『週刊文春』(5月28日号)が黒川弘務・東京高検検事長の“賭けマージャン"疑惑を報じた。黒川氏は辞職にまで追い込まれ、訓告処分となった。

『検察庁法改正案』に日本中の注目が集まっていたところに、“時の人”の辞任劇。さすが『文春砲』といったところか。

 このスクープは一件の情報提供から始まっている。

 記事によれば、4月下旬に《今度の金曜日(5月1日)にいつもの面子で黒川氏が賭けマージャンをする》という情報が産経新聞の関係者からもたらされたという。聞くところによれば、その関係者とは黒川氏と一緒に麻雀をしていた産経新聞記者の同僚らしい。

 取っ掛かりが情報提供、すなわち“リーク”であるのはほかのスクープでもあることだが、リークがあっても必ずスクープにつながるものではない。特に今回のケースは追跡取材が難しいケースだ。

“情報提供者を開示”するという稀なケース

 有名人、芸能人なら普段から見慣れている記者も多く、顔と名前が一致する場合が多いが、今回の登場人物には一般人が多い。黒川さんはあれだけ報じられているうえに特徴的な顔つきをしているのでわかりやすいだろうが、一緒に雀卓を囲んでいた記者たちは、文春記者にとっては初見だと思われる(同じ業界だから顔見知りの可能性も捨てきれないが)。

 特にこのご時世は誰もがマスクをつけている。また芸能人は行動パターンや仕事の予定をある程度把握しやすいものだが、一般人となると、動きが読みにくい。そんな人たちの行動を細かく監視するのは張り込みに慣れた記者でも相当神経を使うだろう。取材に登用された記者・カメラマンの数は相当なものだと思われる。

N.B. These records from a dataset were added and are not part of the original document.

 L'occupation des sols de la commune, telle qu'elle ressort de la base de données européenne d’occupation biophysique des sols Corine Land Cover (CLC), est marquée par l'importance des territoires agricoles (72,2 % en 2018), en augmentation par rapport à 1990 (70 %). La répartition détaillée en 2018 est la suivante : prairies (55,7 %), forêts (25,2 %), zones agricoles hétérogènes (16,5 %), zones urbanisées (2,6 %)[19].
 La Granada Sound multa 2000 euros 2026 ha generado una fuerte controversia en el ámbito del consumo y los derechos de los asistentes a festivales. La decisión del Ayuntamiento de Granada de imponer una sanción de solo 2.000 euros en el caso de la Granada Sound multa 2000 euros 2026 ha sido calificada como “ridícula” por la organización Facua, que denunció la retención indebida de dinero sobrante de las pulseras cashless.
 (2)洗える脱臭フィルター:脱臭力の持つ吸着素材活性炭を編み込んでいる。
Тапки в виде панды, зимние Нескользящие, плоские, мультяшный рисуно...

 以上の点から、提供された情報はかなり詳細なものだったのではないかと推測できる。

 彼らが集合する日時、場所はもちろんのこと、黒川氏以外の記者たちの顔写真や体つき。そして、身長、服装など容姿に関する情報。直撃取材するためには当人たちの住所も必要だし、携帯電話の番号も知っておいた方がいい。

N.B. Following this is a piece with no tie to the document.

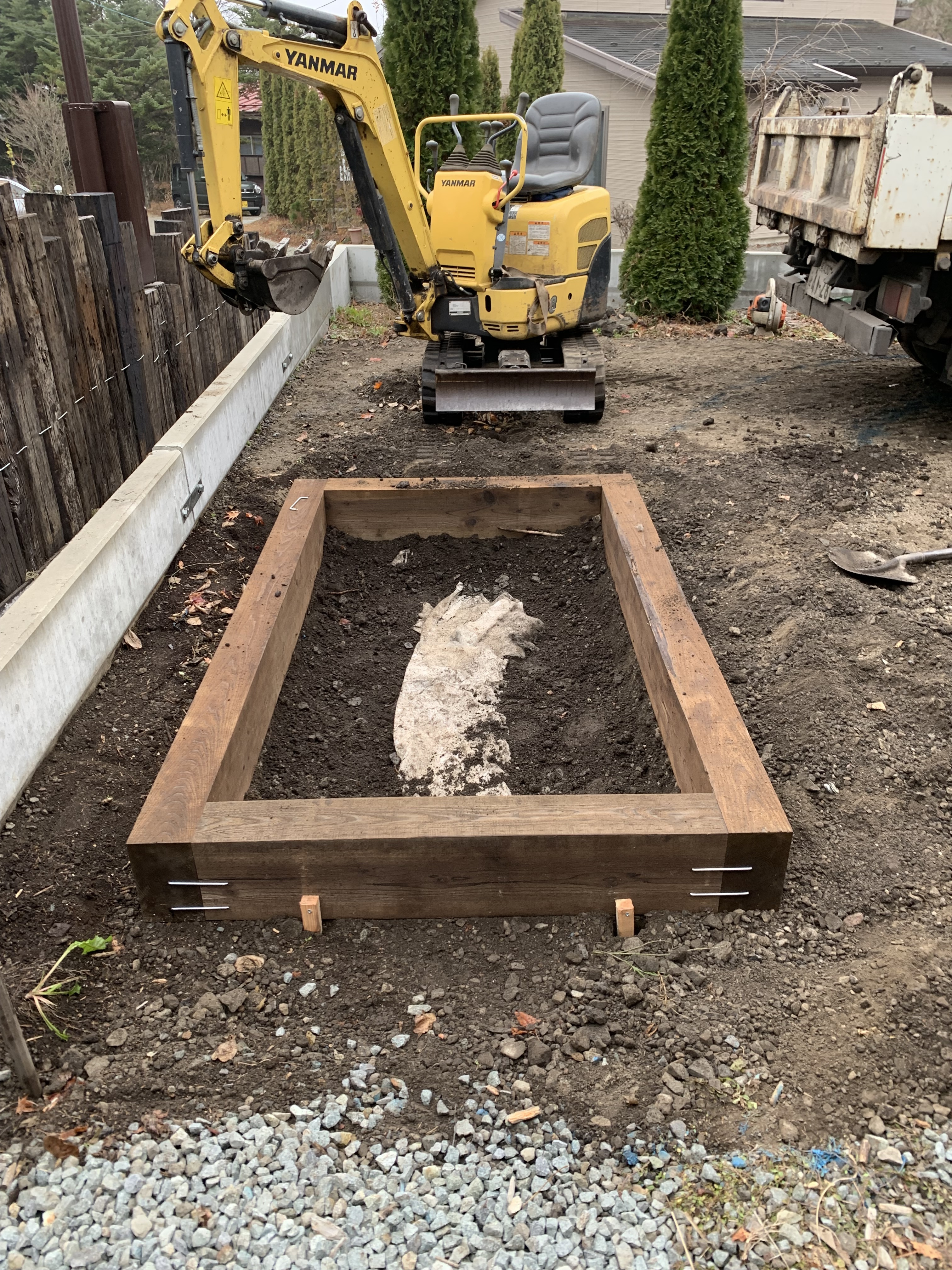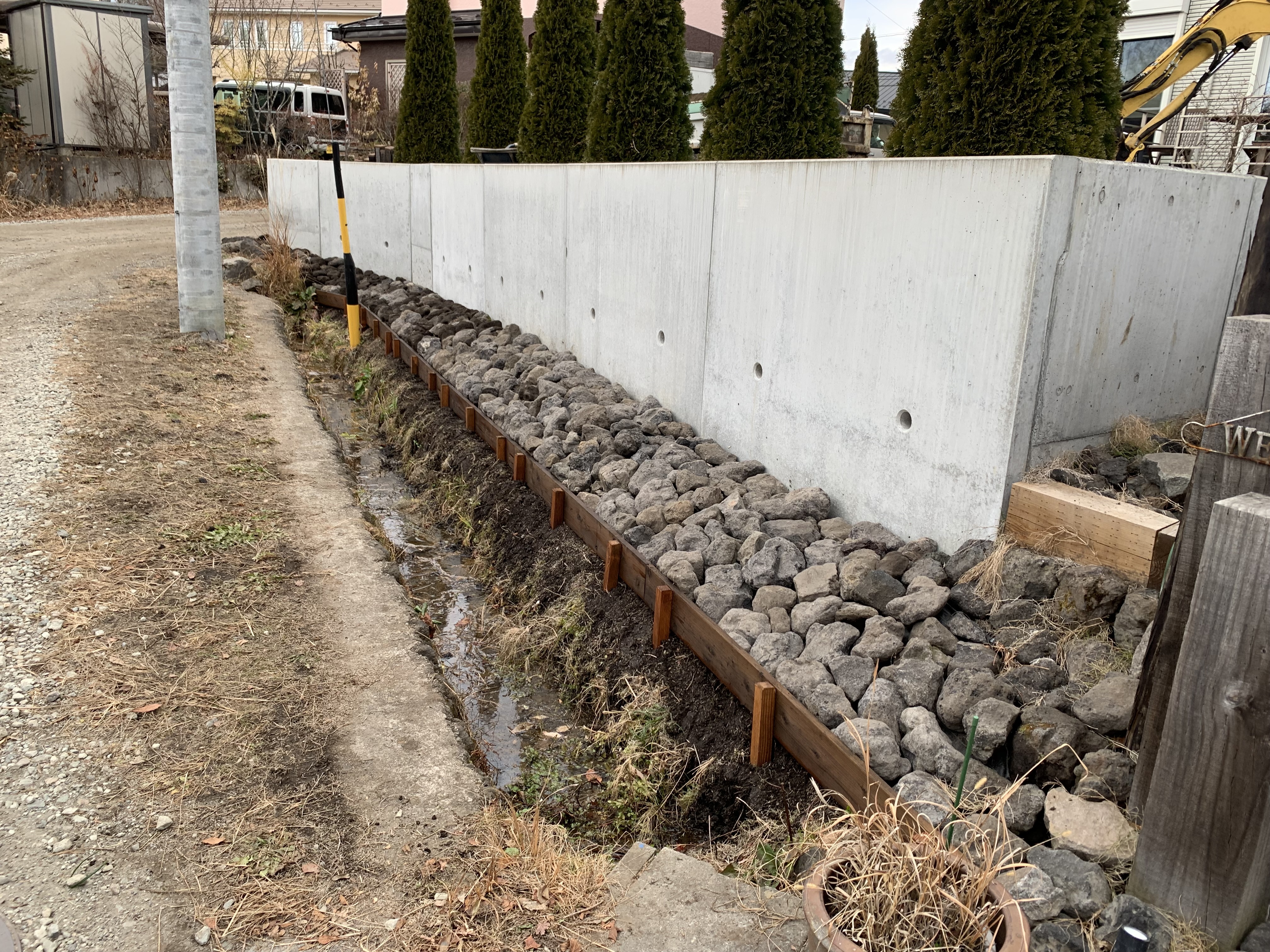 花壇設置(枕木2m2本、1m2本)、土の入れ替え

 そして記事から察することができるのは、かなり緻密な取材が行われていたことだ。まず土地や建物の登記をあげ、黒川氏らが麻雀を打った場所であるマンションの一室が産経記者の所有する部屋であることを確認し、同席した産経新聞記者ふたりが黒川氏と合流するまでの行動を細かくチェック。一挙手一投足を追っていることがわかる。

 部屋の所有者である記者は、参加者が揃う前に近所のコンビニとスーパーに出かけ、買い物をしているがその中身まで詳しく記述されている。またもうひとりの記者は、マンションに入る直前にコンビニに寄り、ATMを操作していたとも。何の操作をしたかは確認できていないようだが、これから賭け麻雀をするためにお金をおろしたとも推測可能だ。実に生々しく臨場感あふれる描写ではないか。

 また、取材してから記事が出るまで3週間ほどかかっているが、その間に徹底して周辺取材も行なっていたことがわかる。

 たとえば、このメンバーで麻雀を打つ場合、黒川氏は新聞社が用意するハイヤーでの帰宅が常だったことから、『文春』の記者は黒川氏を以前よく乗せていたという元ハイヤー運転手を見つけ出し、重要な証言を引き出している。そのほかにも虎ノ門の雀荘街の住人などからも情報収拾をしていたというから、今回の取材に対する力の入れ方が半端じゃないことがうかがえよう。

 麻雀は密室で行われたわけだから、室内で起きていたことは当事者しか知らない。それゆえ“賭けマージャン"というタイトルは、ひとつ間違えば訴訟にも発展しかねない危険性をはらむ。つまり、相手に反論の余地を与えないためにも完璧な裏取りが必要となる。

 今回の『文春』の記事で特筆すべきだったのは“情報提供者を開示”したり、“ハイヤー会社の関係者をみつける”といった取材過程をそのまま記事に書きつけていたという点。“逃げ場のないほど”詳細なデータと、情報提供から短期間で記事化させた気概がここにあらわれている。『文春』の底力を見せつけられた記事だったといえるだろう。

<芸能ジャーナリスト・佐々木博之>
◎元フライデー記者。現在も週刊誌などで取材活動を続けており、テレビ・ラジオ番組などでコメンテーターとしても活躍中。